The problem is, As long as WebSocket connection is not closed, There is no way for me to detect that I don’t get any updates anymore

Ahh, yes, I see the problem now. Let me investigate this to see if there is a solution for if an event get’s stalled/lost, and the connection is never dropped.

When I run this command in a terminal it successfully returns element of workspace

I’m not super sure if rawHistory is a good option, First of all as data is an undocumented and unstructured object and I use graphql codegen to help me generate types for TS it’s a not proper API for my usecase

Since yesterday HistoryCommand has been working fast, So I cannot compare HistoryCommand and rawHistory

Yes, I agree. I was only suggesting to use this to help trouble shoot what could be causing the subscription lag.

When I run this command in a terminal it successfully returns element of workspace

Does this mean you are no longer getting the CORS errors?
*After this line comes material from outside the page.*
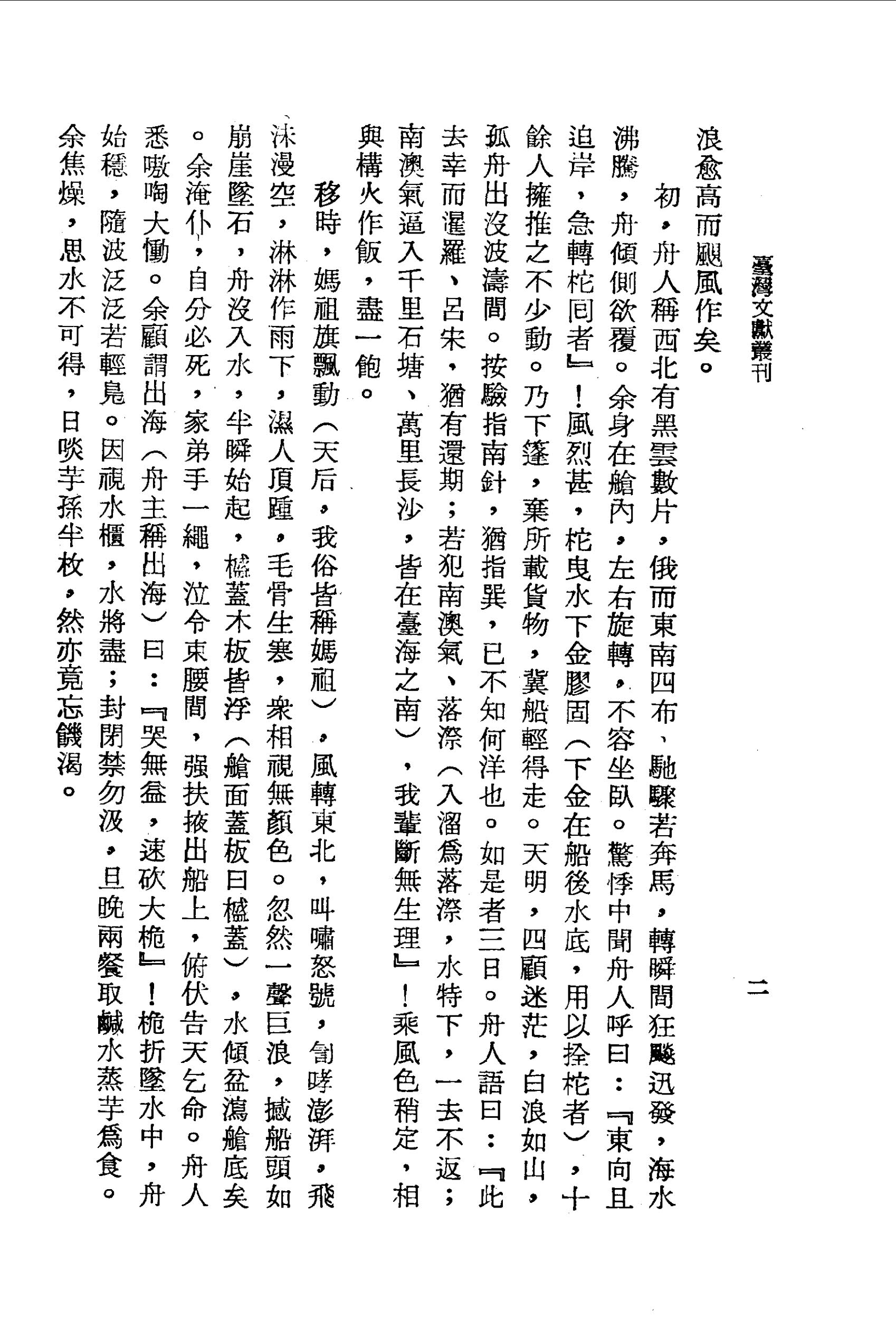 余顧謂出海(舟主稱出海)曰:『哭無益,速砍大桅』!桅折墜水中,舟始穩,隨波泛泛若輕鳧。 因視水櫃,水將盡;封閉禁勿汲,旦晚兩餐取鹹水蒸芋為食。余焦燥,思水不可得,日啖芋孫半枚,然亦竟忘饑渴。

Are have you just decided to stick with the federated endpoint?

I have CORS error and I can successfully run curl command.
CORS is a security feature for browsers and curl is not a browser, we use it as a http client.
curl has no idea of the context of command so CORS has no meaning in a terminal command line.

When I open https://mydomain.com try to connect to bluescape because of some limiting headers such as Access-Control-Allow-Origin the browser refuses to proceed and returns CORS error

There is a misconfiguration in elementary endpoint if it’s a public api

Oh yes, sorry - I’m used to thinking about APIs running on a server application, where CORS doesn’t apply. You are right, that a web app would be impacted.

I’ll have to check to see if we can change the header to allow elementary endpoint to be run in a browser to avoid the CORS error.

is the federated endpoint still performing well for you? Was the slow performance something that happened just the other day?

It’s better that the first date, but not too much stable

Hi @Amerehei,

Thanks for the update. We are investigating on our end to see what can be done to improve performance. Stay tuned!

Hi @Amerehei,

We have made some changes that should improve graphQL performance which will be in our November 9th release.

You should hopefully see improved performance after the release, and if you don’t please let us know so we can keep digging!

@kkoechley I think the Graphql subscription is not reliable yet. Sometimes it take about 10 seconds to get events

Sometimes mutation operation is slow as well. For example this is a mutation operation to move an object in workspace, it took 7 seconds

Hi @Amerehei,

Thanks for the update. The update tomorrow should help, it will be good to verify the results after Friday.